The progress of computer technology and CAE methodology makes it possible to simulate dummy injury readings in vehicle crash simulations. Dummy neck injuries are generally more difficult to simulate than injuries to other regions such as the head or chest. Accordingly, improving the accuracy of dummy neck injury data is a major concern in frontal occupant safety simulations. This paper describes the use of an advanced airbag modeling methodology to improve the accuracy of dummy neck injury readings.
First, the following items incorporated in the advanced airbag model are explained. (1) The Finite Point Method (FPM) is used to simulate the flow of gas. (2) A folding model is applied to simulate the folded condition. (3) The fabric material properties used in the simulation take into account anisotropy in the fiber directions and the nonlinear, hysteresis characteristics of stiffness. These items make it possible to simulate airbag deployment behavior and reaction force characteristics accurately in impact tests of airbag components.

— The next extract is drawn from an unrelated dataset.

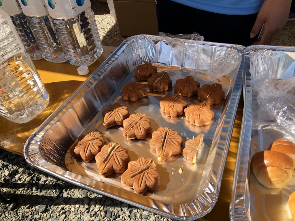 (エイドの補給食に広島ならではのもみじ饅頭が!あんことクリーム両方頂く。)

Full-fledged sled simulations with dummies on board were executed with this advanced airbag model, and the results confirmed the high accuracy of the dummy neck injury data. Useful information for analysis, which cannot be measured in experiments, can be acquired in simulations. This paper also explains the law of causality regarding dummy neck injury data, which was made clear by analyzing the phenomena that occurred in the sled simulations. It is shown that the rebound of the dummy's pelvis is strongly related to the neck bending moment. The results of a case study are presented to verify this causality.